→ YOUR GOAL:
The result should be the listing below restated word for word, with images left out.

(EXERCISE DATA)

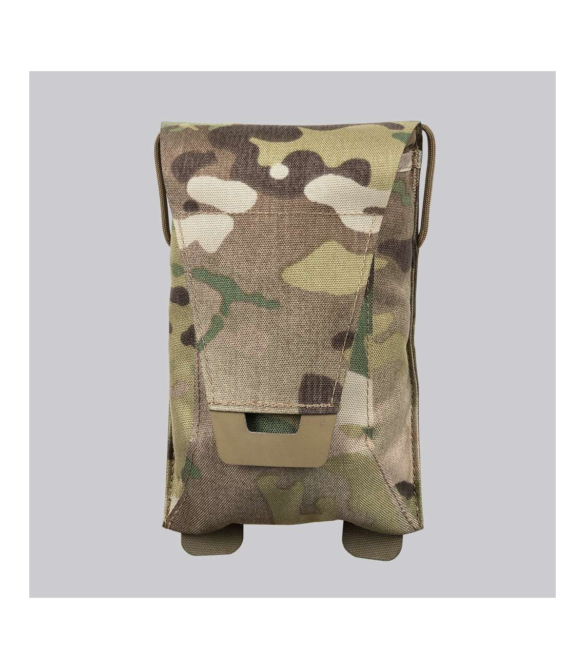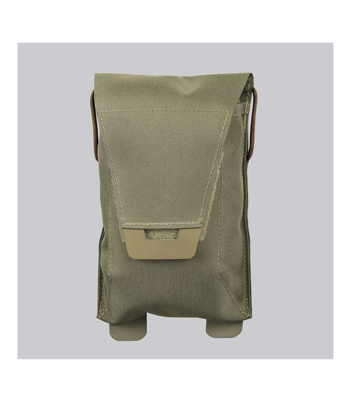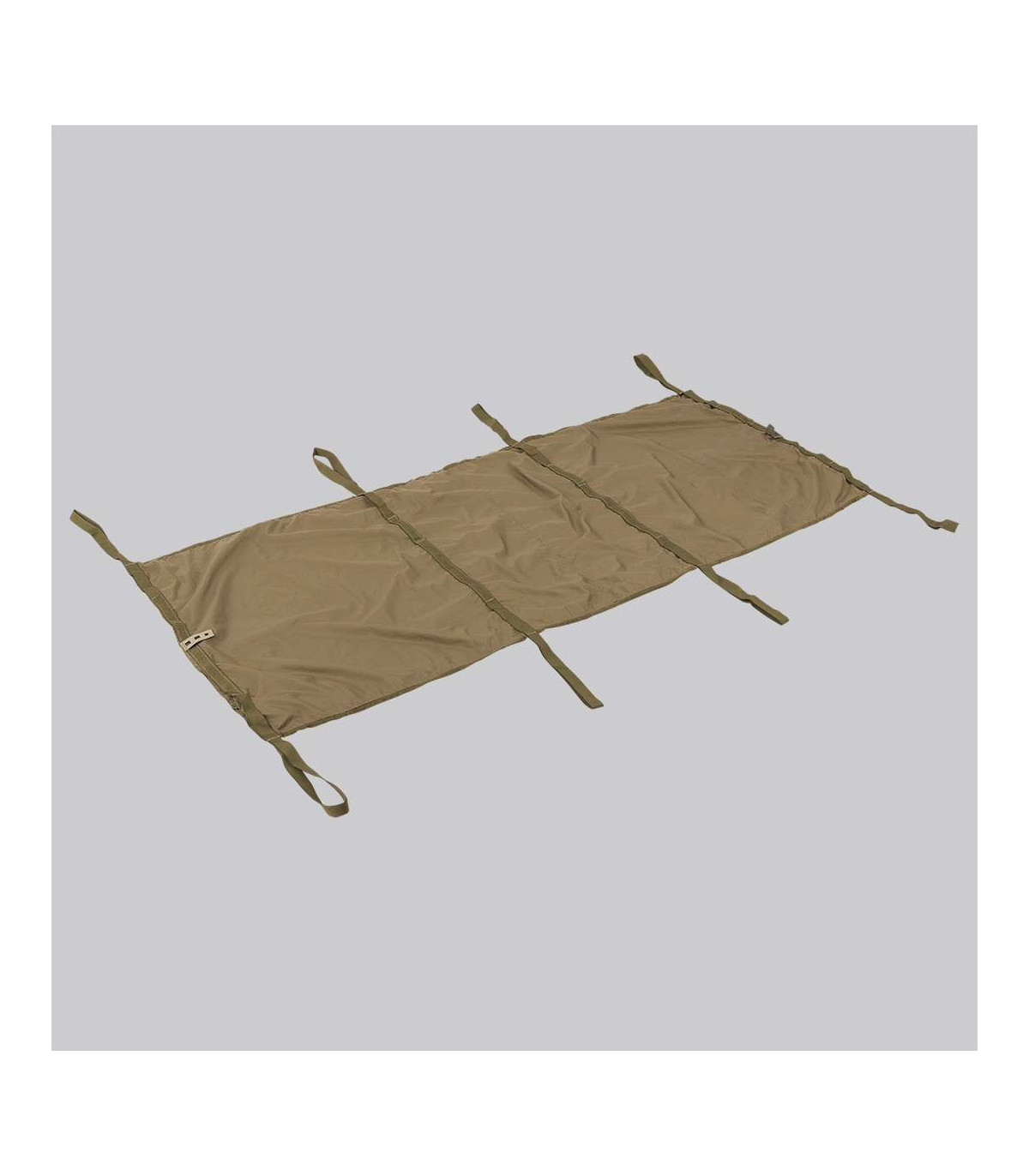Lightweight foldable field stretcher. Made of two layers of Nylon Micro Rip-Stop fabric to guarantee durability and light weight. Eight reinforced webbing carry handles (four to a side). Two integrated flat pockets, each the size of one half stretcher underneath the whole area of the deployed stretcher, accessible from front and rear edge. Stow pouch for folded stretcher enable mounting them onto the combat vest, belt etc. Side channels enable inserting carrying poles for easy two-man use.
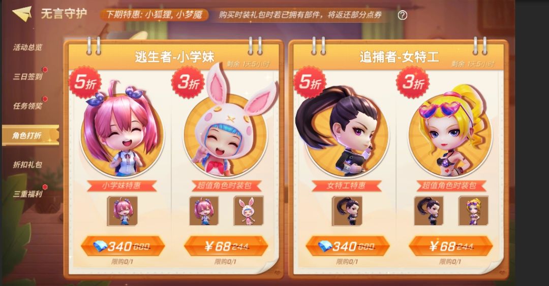 另外,少年们需注意活动期间内,会定期更换特惠出售的角色,有心仪角色特惠出售的话请注意不要错过了~
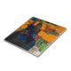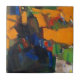 4.25 inch ceramic tile with painterly abstract design- detail from painting in yellow, green, deep grey and blue. and a bit of red... bold and dramatic.

(End EXERCISE DATA)

→ ANSWER:
Lightweight foldable field stretcher. Made of two layers of Nylon Micro Rip-Stop fabric to guarantee durability and light weight. Eight reinforced webbing carry handles (four to a side). Two integrated flat pockets, each the size of one half stretcher underneath the whole area of the deployed stretcher, accessible from front and rear edge. Stow pouch for folded stretcher enable mounting them onto the combat vest, belt etc. Side channels enable inserting carrying poles for easy two-man use.
 另外,少年们需注意活动期间内,会定期更换特惠出售的角色,有心仪角色特惠出售的话请注意不要错过了~
 4.25 inch ceramic tile with painterly abstract design- detail from painting in yellow, green, deep grey and blue. and a bit of red... bold and dramatic.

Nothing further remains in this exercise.